I was in the restaurant on Tuesday night before she arrived. I wanted her to know that I wasn’t dropping in on her this time, that I was there waiting for her, but when she slide into the chair across from me, I didn’t see what I expected. Her face, always so open and honest, was a mask of fear. She wouldn’t look at me.

“What’s wrong?” I said, thinking the worst, but not knowing what that could possibly be.

She didn’t look at me, “I hate job interviews.”
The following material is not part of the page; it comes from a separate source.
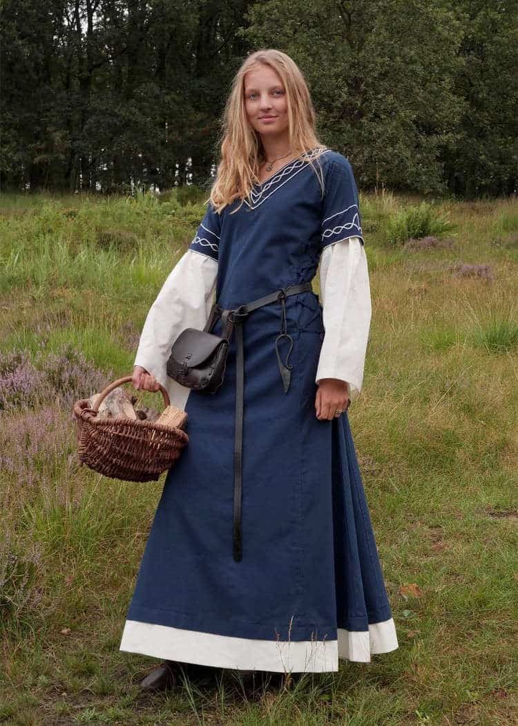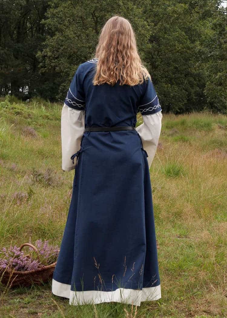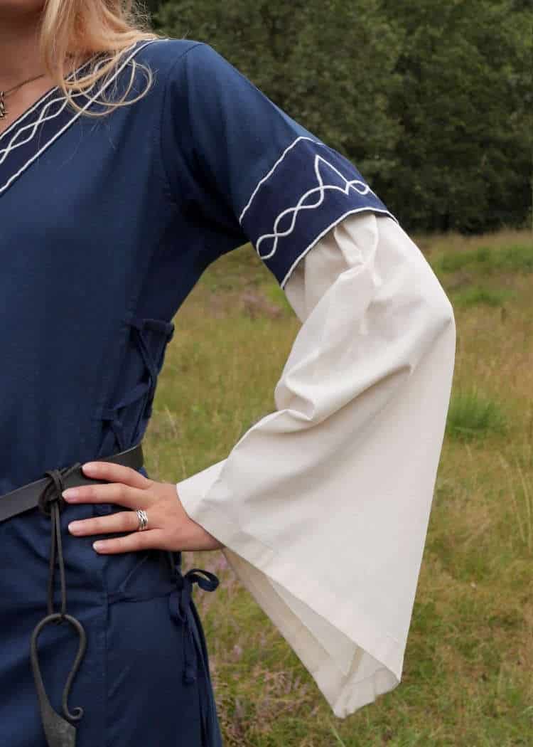 This long medieval dress is made of sturdy cotton fabric. It is loosely tailored and can be tightened with laces on both sides for an individual fit. The color contrasting sleeves and bottom hem create the impression of a shift worn underneath a short-sleeved dress. The neckline and sleeves are trimmed with embroidery.

I didn’t know what she meant. “Doesn’t everyone? Did you have one?”

“I’m having one.”

I was confused, very confused. “I don’t understand.”

“What did you decide?”

Oh, God, yes, of course: this, to her, was about a decision. My decision. She didn’t have to explore her feelings, she knew them. She had to wait; wait for me to discover mine; wait for me to tell her yes or no.

I had decided early Sunday morning: when I was touching her, holding her, when the pain in her eyes had turned to happiness. Wherever this was to go, for however long, I wanted to be with her, I wanted her touch, her hand in mine, my hand in hers. But I couldn’t tell her that on Sunday morning: I didn’t know her number or address; couldn’t remember her last name; had no one to call for it. I was powerless.

I waited in the evenings wrapped in a blanket in my bay window watching the street to see if she would come. But I knew she wouldn’t. I knew she was giving me all the time I needed to understand that she loved me.

“I didn’t decide anything.”

For the first time, she looked at me. “What do you mean?” She was fighting through her fear for meaning.

I smiled, trying to convey an honesty I felt, “One person should never decide for two. We’ll make our decisions together, as we go along.”